Initially, the decorated list becomes:
| ID | Severity | Exploitability | Score |
|---|---|---|---|
| 101 | 2 | 3 | 7 |
| 102 | 3 | 2 | 8 |
| 103 | 3 | 3 | 9 |
After converting to sort keys:
[(−7,101), (−8,102), (−9,103)]
Sorting places the most negative score first, resulting in order by score 9, 8, 7. The final output is [[103,3,3],[102,3,2],[101,2,3]].
For the second example [[101,4,1],[103,1,5],[102,1,5]], the scores are 9, 7, and 7.
The key transformation becomes:
[(−9,101), (−7,103), (−7,102)]
After sorting, the equal score group 7 is ordered by ID, producing 102 before 103. The final output is [[101,4,1],[102,1,5],[103,1,5]].
Complexity Analysis
| Measure | Complexity | Explanation |
|---|---|---|
| Time | O(n log n) | Dominated by sorting n threats using a custom comparator or key |
| Space | O(n) | Additional storage for decorated structures used during sorting |
The computation of scores is linear, but sorting dominates overall runtime. The auxiliary space is linear due to storing decorated tuples or structs alongside the original input references.
Test Cases
# provided example 1
assert Solution().sortThreats([[101,2,3],[102,3,2],[103,3,3]]) == [[103,3,3],[102,3,2],[101,2,3]]
# provided example 2
assert Solution().sortThreats([[101,4,1],[103,1,5],[102,1,5]]) == [[101,4,1],[102,1,5],[103,1,5]]
# single element
assert Solution().sortThreats([[1,10,10]]) == [[1,10,10]]
# all equal score, tie-break by ID
assert Solution().sortThreats([[3,1,1],[1,1,1],[2,1,1]]) == [[1,1,1],[2,1,1],[3,1,1]]

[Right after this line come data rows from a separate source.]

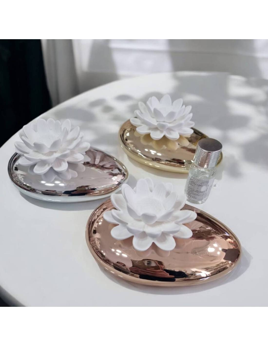 Ampolle in ceramica lucida metallizzata disponibile in tre colori con fiore di loto in gesso con stoppino per diffondere il profumo nell'ambiente.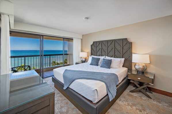 Our condominium offers a world class ocean view, full-size kitchen, private lanai, and a washer & dryer in the condo. The bedding is convenient with a king bed in the master bedroom, two twin beds in the second bedroom, and full sofa sleeper in the living room.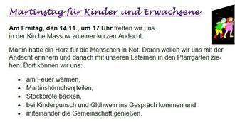 | Fr. | 14.11. | 17:00 | Martinsandacht und Feuer auf der Pfarrwiese; Massow |
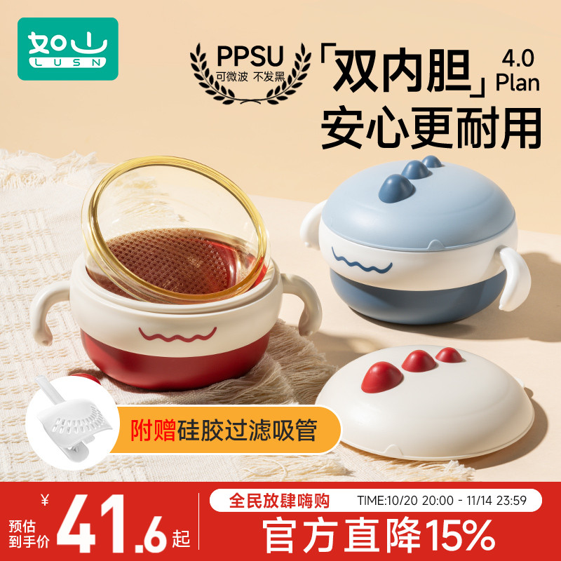 如山ppsu宝宝辅食碗婴幼儿吃饭专用防摔恒温碗儿童餐具注水保温碗
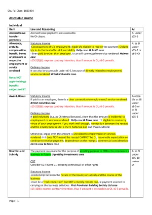 Your lifesaver for urgent and quick study of the whole course!!! Exhaustive and comprehensive revision notes for Income Tax Law III. It includes all the topics (12 topics) covered and since the exam is open-book, u can bring it along to the final exam. ;)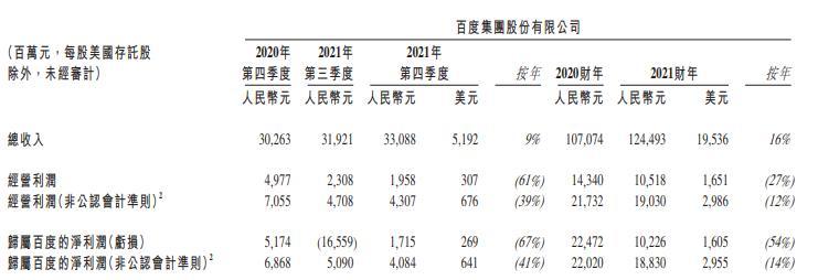 日前,百度披露2021年第四季度及全年业绩。公告显示,2021年第四季度,百度实现总营收330.88亿元,同比增幅9.3%;其中,核心收入为259.78亿元,同比增长12.4%。2021年,百度、百度核心收入分别为1244.93亿元、951.63亿元,同比增幅达16.3%、20.9%。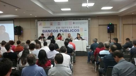 A presidenta do Sindicato, Juvandia Moreira, que mediou a mesa, lembrou que a resistência ao desmonte dos bancos públicos é a função do seminário, evento que lançará a cartilha Em Defesa dos Bancos Públicos: Verdades e Mentiras, elaborada pelo Sindicato em parceria com os economistas João Sicsú e Antonio Alves Júnior. “Estamos vivendo uma conjuntura de desmonte do Estado e estamos tendo de lutar para garantir as conquistas e os avanços que tivemos nos últimos anos de governos populares. Vivemos isso na década de 1990 e estamos voltando a isso.”

# large severity difference
assert Solution().sortThreats([[1,1,100],[2,50,1]]) == [[2,50,1],[1,1,100]]
| Test | Why |
|---|---|
| two provided examples | validates core sorting logic and tie-breaking |
| single element | ensures base case correctness |
| identical scores different IDs | validates tie-break rule |
| large severity vs exploitability mix | ensures correct score computation dominance |
Edge Cases
One important edge case is when all threats produce identical scores. In this situation, the algorithm must rely entirely on ID ordering. Because the comparator explicitly uses ID as the secondary key, the result remains deterministic and correct.
Another edge case is a single-element input. Since sorting a single element is trivial, the algorithm should simply return the same list. Both implementations naturally handle this without special casing because sorting and iteration are safe on length-one arrays.
A further edge case involves very large input sizes up to 100,000 elements. This stresses performance and makes O(n^2) approaches infeasible. The chosen O(n log n) sorting-based solution remains efficient and within typical constraints.
A final subtle edge case is numerical magnitude. Since severity and exploitability can be as large as 10^9, the computed score can reach 2 × 10^9 + 10^9, which is still safely within Python’s integer range and Go’s 64-bit integer capacity when using default int on most modern platforms.